■ EXERCISE DESCRIPTION
The data is to be repeated exactly, with the images removed.

■ INFORMATION SUPPLIED
BEGIN
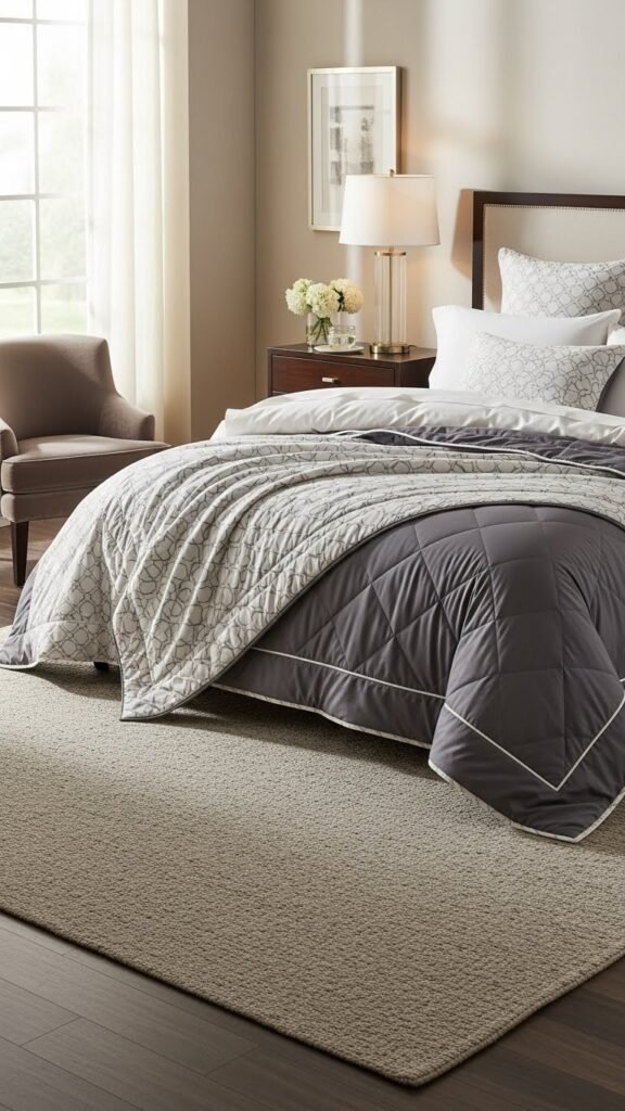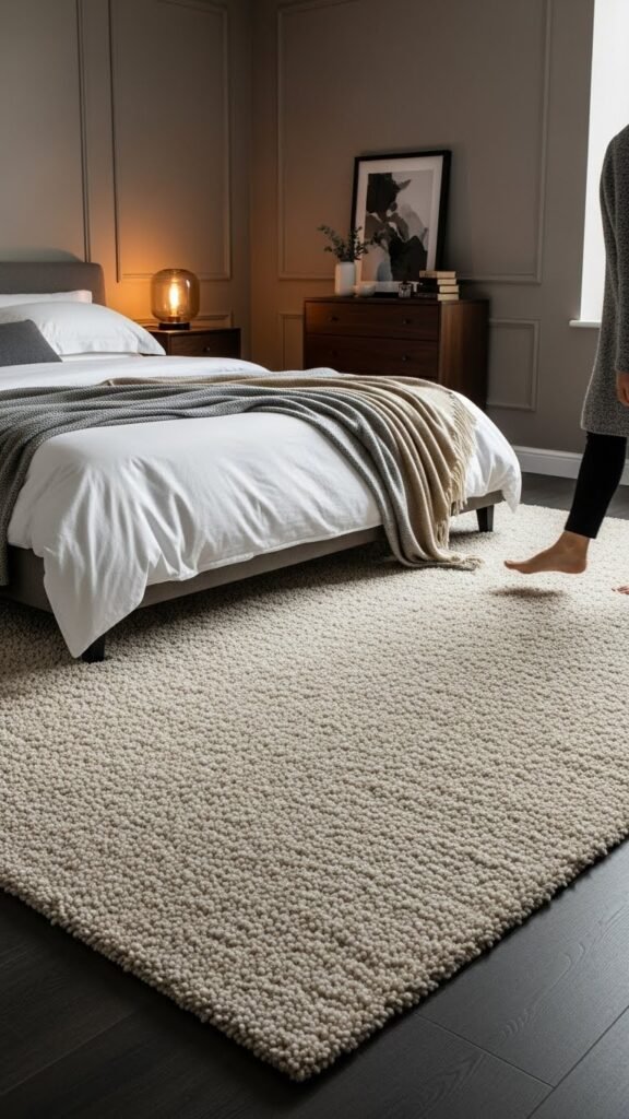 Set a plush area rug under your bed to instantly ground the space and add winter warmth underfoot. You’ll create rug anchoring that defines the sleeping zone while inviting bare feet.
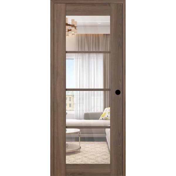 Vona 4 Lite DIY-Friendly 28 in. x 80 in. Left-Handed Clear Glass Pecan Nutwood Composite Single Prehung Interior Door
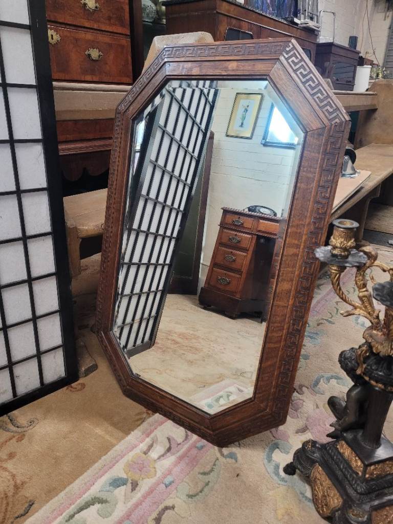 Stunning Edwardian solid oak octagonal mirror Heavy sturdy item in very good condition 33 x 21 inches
END
■ TASK ANSWER
 Set a plush area rug under your bed to instantly ground the space and add winter warmth underfoot. You’ll create rug anchoring that defines the sleeping zone while inviting bare feet.
 Vona 4 Lite DIY-Friendly 28 in. x 80 in. Left-Handed Clear Glass Pecan Nutwood Composite Single Prehung Interior Door
 Stunning Edwardian solid oak octagonal mirror Heavy sturdy item in very good condition 33 x 21 inches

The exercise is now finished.